I don't even know what to say. What is there to say? I wish I knew how to convince you this was going to end well, that things were going to be okay, but I don't know how. I can't understand why she's doing this, what she thinks of me, but she talked to other parents Amanda. She's not kidding around. If she contacts my mother, my mom is going to take this as far as it can go. It's getting out of hand and this has to stop. This is the only way I know how to do that.

I feel like I'm abandoning you when you need me the most, so I'm not going to tell you not to contact me. But I want you to know, if you do, she's going to call the police on me. I never thought she would do it, but there are plenty of other things I never thought she'd do that she's done. It's ironic you know, I always thought it would be my parents who took it this far. I'm just so sorry. I can't even begin to explain how sorry I am for everything. I never wanted to hurt you. You have to know that, never in my life would I ever hurt you. I wish she believed that.

Make me a promise please. Call Pam, ask to stay with her. You can't be in that house anymore. I don't want to worry about you there. I don't want to wonder every day if you're safe or if you are okay. Your aunts really do love you and if you explain what's going on I know they will help you.
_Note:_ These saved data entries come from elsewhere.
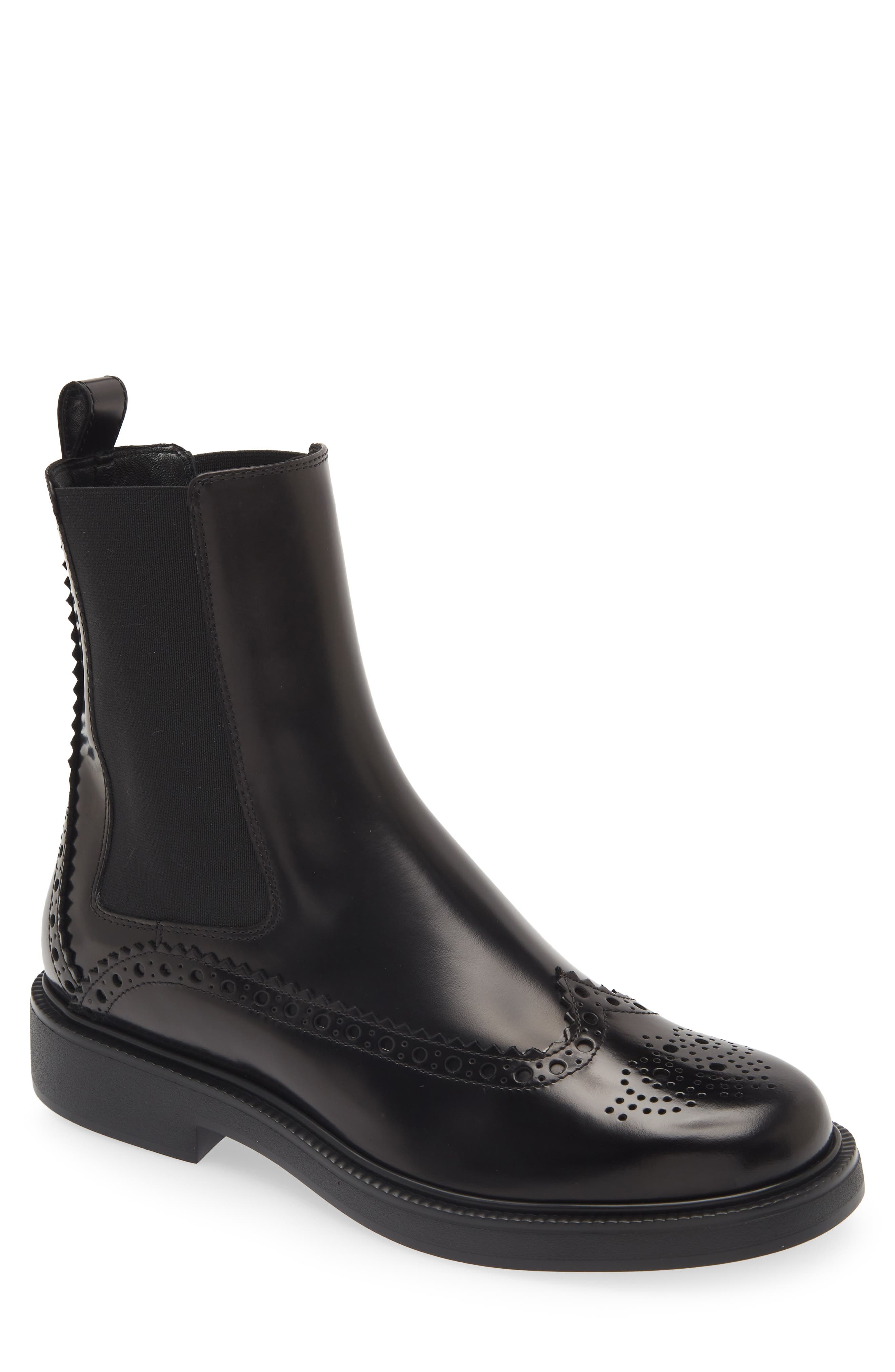 Ornate perforations and a classic wingtip toe highlight the label's dedication to timeless elegance in a sleek patent-leather Chelsea boot. Pull-on style Leather and textile upper and lining/rubber sole Imported Designer Shoes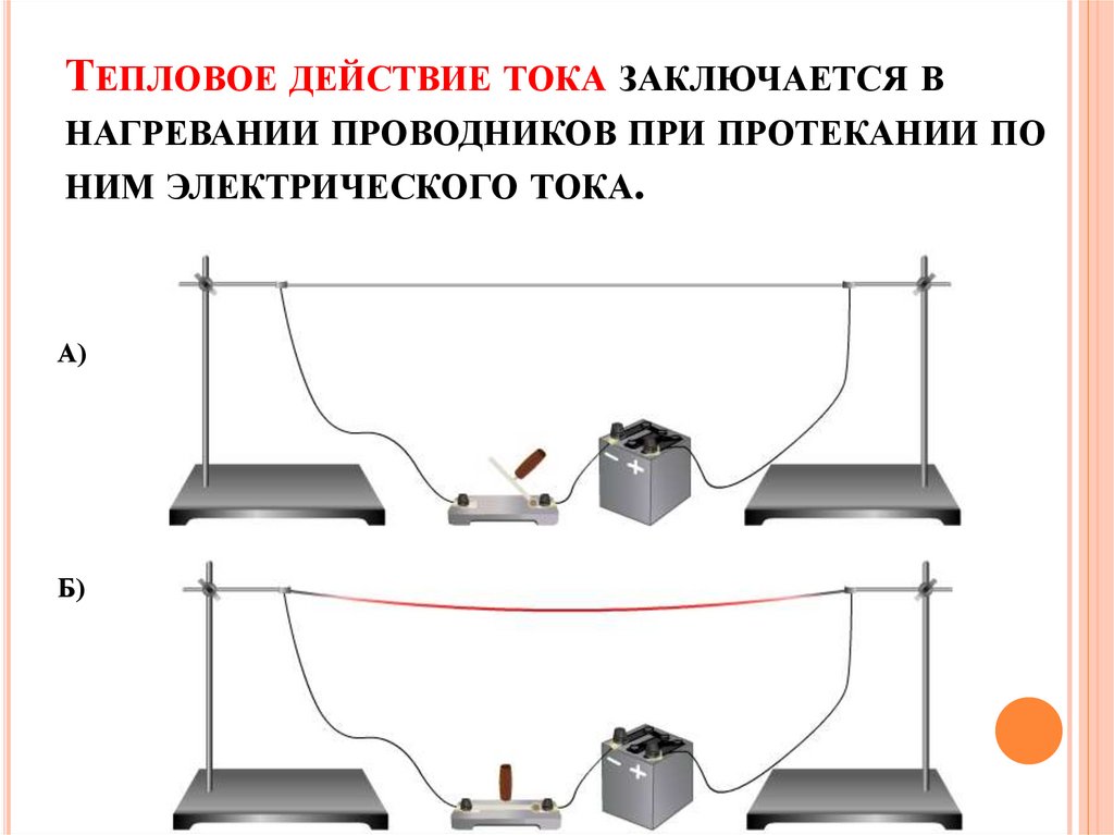 ТЕПЛОВОЕ ДЕЙСТВИЕ ТОКА ЗАКЛЮЧАЕТСЯ ВНАГРЕВАНИИ ПРОВОДНИКОВ ПРИ ПРОТЕКАНИИ ПО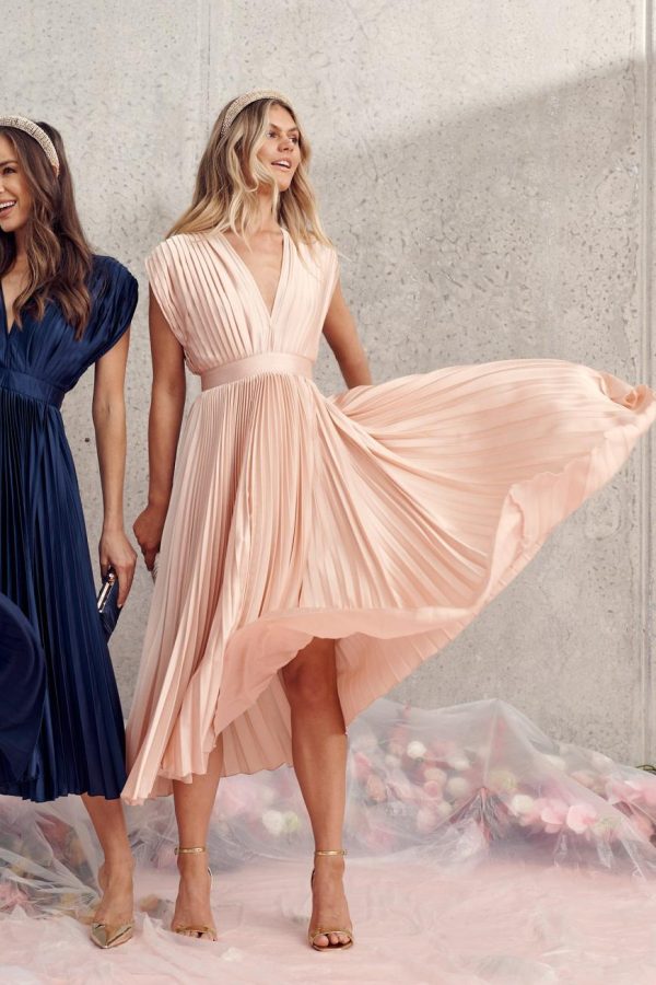 Feel extra special in our Anetta Midi Dress! This sweet style features a gorgeous V neckline, cinched waist, and all over pleated fabric which will fit and flatter you in all the right places! Embrace the upcoming party season and style yours with sparkly drop earrings and sleek stilettos.

I really believe they are good people. You can get a job down there for the summer and go to school in the fall. Maybe things will be different for you at home then, maybe things will have settled down. Your parents just need some time to sort out their own problems away from you. They need to stop taking out their own shit on everybody else, especially on you.

I want you to be safe, chica. I really and truly only want what is best for you. I want you to wake up in the morning and believe that it is a new day, that life is worth living and that people care about you. I don't know if you can do that at home right now, in that house. But you made me another promise, about believing that life does get better, believing in tomorrow and in yourself. I believe in you. No matter how stupid some of the things you've done are, I believe in you. I love you. Don't ever doubt that, don't ever forget it. Don't ever make choices out of anger or fear, choices that you can't take back, things you can't undo.

What a lousy way to say happy 10 months isn't it? I just feel like this big pile of shit right now, and you're probably crying and oh hell I'm a mess but you have to understand that this has gotten bigger than us. She's taken it to huge proportions, I don't know why, I can't fathom what she's so worried about, but it's finally come to this. She wants me to stay away from you, and she's fully prepared to legally ensure that I do. You have to believe me when I say this is the last thing in the world I ever wanted for us. All I want to do is be happy, all I wanted for us was to just be happy, to be ourselves, to live our own lives without anybody else's rules, accusations, without their expectations. But reality isn't like that. This is reality. Realizing that for this moment it's really over is reality. And migod it's the most gut wrenching, heart crushing, tear flooded moment in my entire life. And there's nothing I can do to stop it.

I'm sorry. I'm sorry for everything. For anything. Anything you blame me for I'm so sorry. Anything you ever wanted that I couldn't give you I wish I had. Anything you ever needed I didn't provide. Any tear I didn't wipe, any booboo I didn't kiss better, any smile I didn't return, every joke I didn't think was funny, I'm a hundred times sorry for. If there was any other way to do this, I wish I knew what the hell it was. I'm sorry for things that aren't my fault, for things I can't control and for things that are and I can.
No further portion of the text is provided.